▶ Data extract
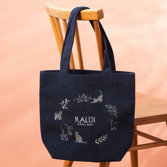 ネイビーのコーデュロイ生地に、可愛らしいネコの刺繍が入ったトートバッグです。マチが広く、たっぷり入るサイズ感が普段使いにもおすすめ。
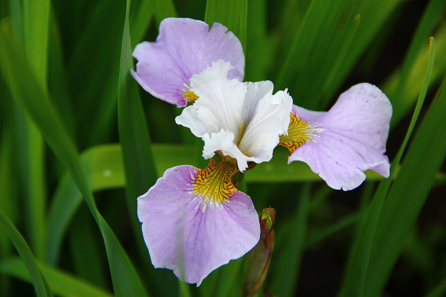 Рассада ириса сибирского Pleasure of May (Плежер оф Мэй) прекрасно сочетается с практически любыми другими растениями сада, и особенно выгодно выделяется на фоне декоративного кустарника. Цветки Плежер оф Мэй имеют элегантный бело-сиреневый оттенок, нижние лепестки сиреневые, середина цветка желтая. Ширина куста достигает 80 см, а высота 100 см. Период цветения – май-июнь. Семена нужно высаживать в марте, а рассаду в мае.
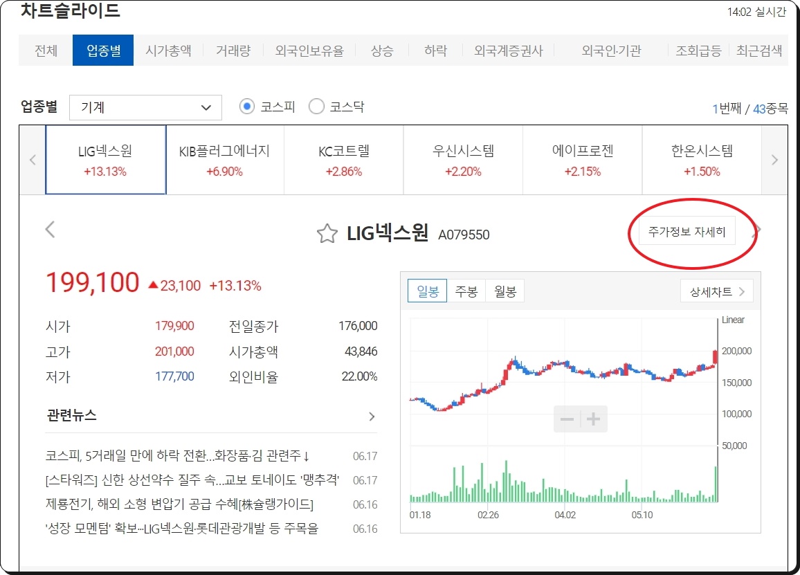 표에서 [차트 슬라이드]를 클릭해 보세요. 그럼 같은 업종이나 시가총액, 거래량 등 유사한 성격을 가진 종목끼리 묶어서 시세를 볼 수 있도록 해줍니다. 자동으로 하나의 종목씩 차트와 뉴스, 현재가 등을 확인할 수 있죠. 관심 있는 업종이 있는 경우 차트 슬라이드를 잘 활용해 보세요.
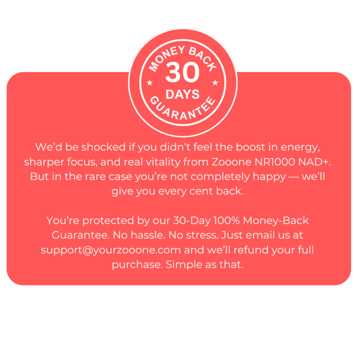 We believe in the effectiveness of Zooone NR1000, which is why we offer a 30-Day Risk-Free Guarantee. If you don’t feel a noticeable difference in your energy, focus, or overall well-being, simply contact wueisshopify@outlook.com within 30 days of receiving your order.

▶ About this task
All lines from the beginning of the material through the line that holds "Рассада ириса сибирского", both included, should be returned exactly; please omit any pictures and add no other lines.

▶ Reply to the exercise
 ネイビーのコーデュロイ生地に、可愛らしいネコの刺繍が入ったトートバッグです。マチが広く、たっぷり入るサイズ感が普段使いにもおすすめ。
 Рассада ириса сибирского Pleasure of May (Плежер оф Мэй) прекрасно сочетается с практически любыми другими растениями сада, и особенно выгодно выделяется на фоне декоративного кустарника. Цветки Плежер оф Мэй имеют элегантный бело-сиреневый оттенок, нижние лепестки сиреневые, середина цветка желтая. Ширина куста достигает 80 см, а высота 100 см. Период цветения – май-июнь. Семена нужно высаживать в марте, а рассаду в мае.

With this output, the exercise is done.